Oberhausener Facharzt setzt für die Zukunft auf digitale Lösungen
Bis zu einem vereinbarten Facharzttermin gehen meist Wochen, wenn nicht sogar Monate ins Land. Da könne es durchaus passieren, dass jemand bis dahin Datum und Uhrzeit vergessen hat. Möglicherweise wollte oder konnte er auch nicht mehr so lange warten, hat sich mit seinen Beschwerden an den Hausarzt gewandt, aber beim Facharzt nicht abgesagt.
Bedenken sollte man auch, sagt Happel, dass aufgrund des Andrangs manche Praxen schlecht erreichbar seien und der Patient für eine Absage überhaupt nicht durchkomme. Nach Ansicht des Mediziners sollte viel stärker als bisher an digitalen Lösungen gefeilt werden, um die Handhabe der Termine zu verbessern, beispielsweise über Online-Kalender. Seine Praxis ist bereits dazu übergangenen, beispielsweise Patienten, die regelmäßig eine Allergiespritze brauchen, eine Terminerinnerung per Mail zuzuschicken.
Wenn Kardiologe Horst Franzen feststellt, dass Patienten häufiger Termine verpassen und dann doch eines Tages mal wieder erscheinen, „spreche ich sie schon auf darauf an“, erklärt der Mediziner. Nach seiner Einschätzung liegt die Quote der Versäumnisse in seiner Praxis zwar deutlich unter zehn Prozent, aber ärgerlich sei es immer wieder, wenn ein Patient fehle. Der Idee, eine Gebühr zu erheben, steht er sehr aufgeschlossen gegenüber. Ein gewisser finanzieller Druck könne durchaus die Menschen zu bringen, sich an Vereinbarungen zu halten.

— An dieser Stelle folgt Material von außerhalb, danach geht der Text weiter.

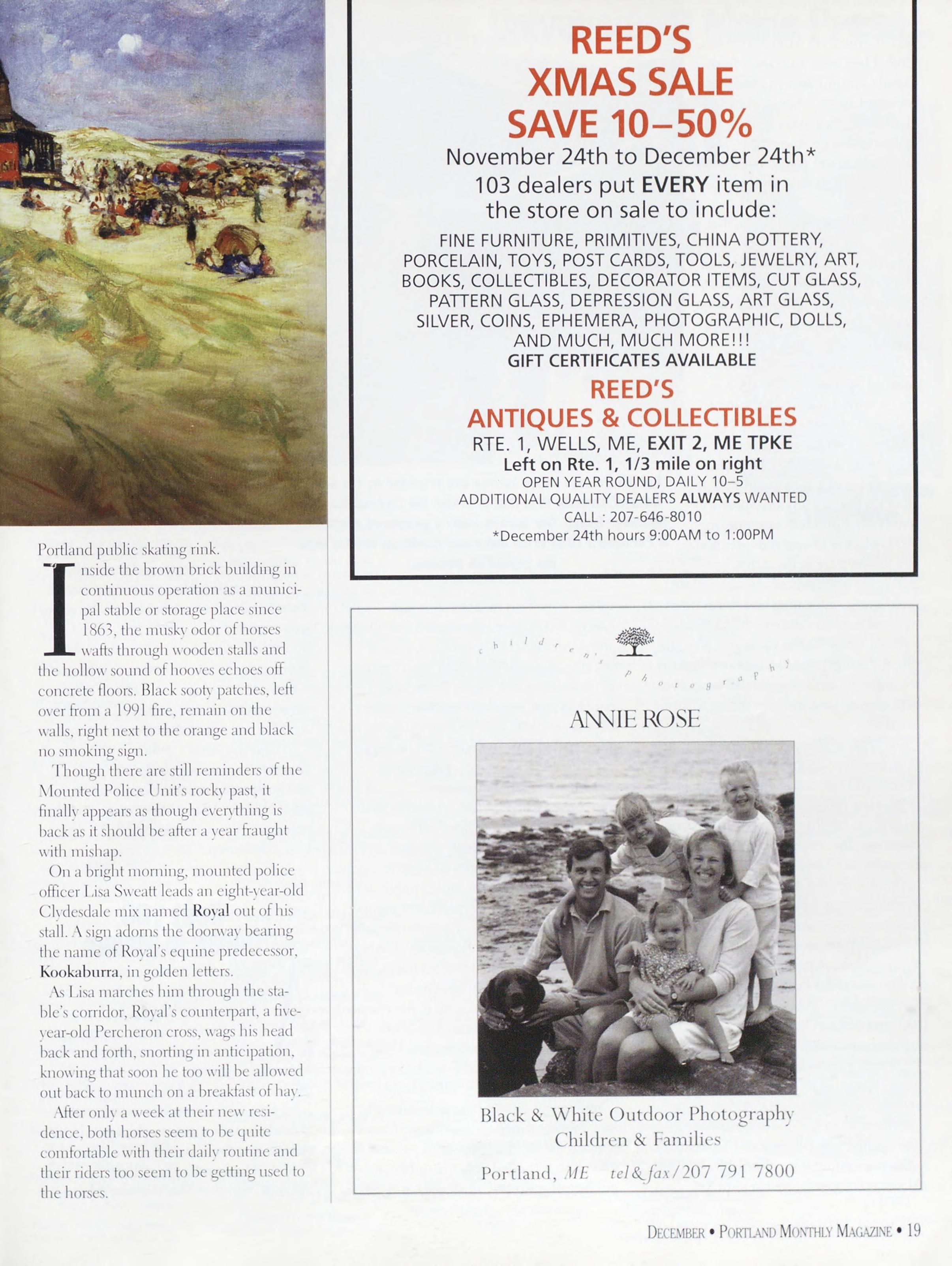 Ourmall-sizeone-owner shopisatreasurehouse forbothcollectors anddecorators. You’llalwaysfindafresh selectionofoutstanding antiquefurniture, accessories,collectibles, andartforeveryinterest andpocketbook-well caredfor,wellorganized, interestinglydisplayed, readytoenhanceyour homeoroffice. Wereeasytoreach at200RouteOnein Scarborough,6miles southofPortland. 1-800-896-3443 www.centervale.com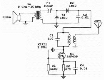 Детекторный... передатчик Радиомир КВ и УКВ 2008 №1Всем хорошо известен детекторный радиоприёмник. Его главное достоинство в том, что для работы не требуется источник электропитания. Приёмник работает за счет наводимой в приёмной антенне энергии радиостанции. Известны также модификации такого приёмника, когда продетектированный сигнал усиливается простым УНЧ. Питается этот УНЧ, опять же, за счёт энергии от принимаемой радиостанции. Наверняка вы задумывались: а нельзя ли изготовить радиопередатчик без источника электропитания? Оказывается, вполне можно. Такой передатчик давно уже был изготовлен и даже использовался спецслужбами для скрытого подслушивания разговоров. Сигнал с миниатюрного пьезомикрофона напряжением в несколько десятков микровольт поступал на туннельный диод, включенный в колебательный контур. Диод играл роль генерирующего элемента, поскольку в его вольтамперной характеристике имеется участок с отрицательным сопротивлением. Мощность такого передатчика составляла несколько микроватт. Обычно он изготавливался в виде булавки с круглой головкой, в которую была вмонтирована сама схема и микрофон. Антенной служила металлическая игла этой "булавки" длиной 40-50 мм. Такие "жучки" работали на частотах около 1 ГГц, и сигналы от них могли быть приняты высокочувствительным приёмником на расстоянии 30-50 м. Однако до сих пор в любительской связи не были известны аналогичные, не требующие источника питания, передатчики. Но недавно энтузиаст "экстремальной" QRP-связи Kazuhiro Sunamura, JF1OZL, изготовил такой передатчик. Как видно из схемы, переменное напряжение от микрофона повышается НЧ трансформатором и поступает на выпрямитель, выполненный по схеме удвоения напряжения. При громком разговоре постоянное напряжение достигает 2 В. Этого достаточно для питания схемы простого кварцевого генератора.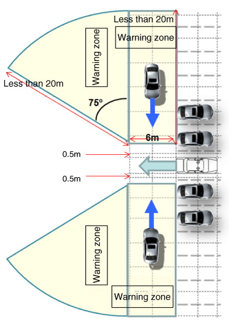 ① Эта функция помогает водителю обнаружить приближающийся автомобиль с задняя и боковая части, которые невозможно определить визуально, когда водитель дает задний ход вытащить автомобиль с места парковки. ② Генерируется предупреждение для целевого транспортного средства, если оно находится в течение 2 секунд. на основе TTC (время до столкновения). Пешеходы не считаются приближающимися целей при предупреждении водителя. (Предупреждение может не генерироваться.)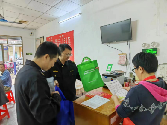 工作人员向群众派发宣传海报
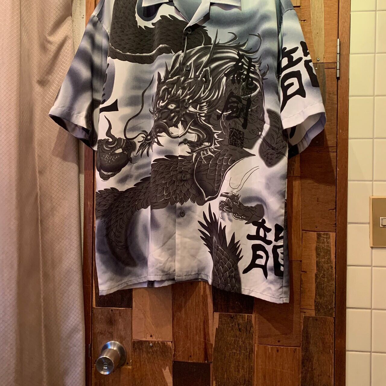 “rue 21” black×gray polyester dragon design S/S open-collar shirt

Internist aus Oberhausen hat eine Gebühr bereits eingeführt
Internist Christoph Emschermann hat sie indes eingeführt. Eine Zahlungsaufforderung erhält ein Patient allerdings erst, wenn er mehrfach einen Termin hat sausen lassen. Vorausgegangen ist dann ein Gespräch, bei dem das Vorgehen schriftlich vereinbart wurde. Die Beträge liegen in der Regel mit mittleren zweistelligen Bereich. In den meisten Fällen haben die Patienten dann auch gezahlt, heißt es aus der Praxis.
Nach Auskunft der Kassenärztlichen Vereinigung Nordrhein lässt sich ein „Ausfallhonorar“ rechtlich durchaus begründen. Der Mediziner macht dann einen Schadensersatzanspruch geltend. Dazu haben Gerichte auch schon mehrere Urteile gesprochen. Ein solcher Anspruch kann sich dann ergeben, wenn ein Termin weder rechtzeitig abgesagt noch wahrgenommen wird und nicht anderweitig vergeben werden konnte. Auch der KV liegen keine verbindlichen Angaben darüber vor, wie häufig Patienten fernbleiben. Sie geht von einer Quote von zehn Prozent aus, eine höhere Dunkelziffer wird nicht ausgeschlossen. Manche Praxen sprechen demnach sogar von 30 Prozent.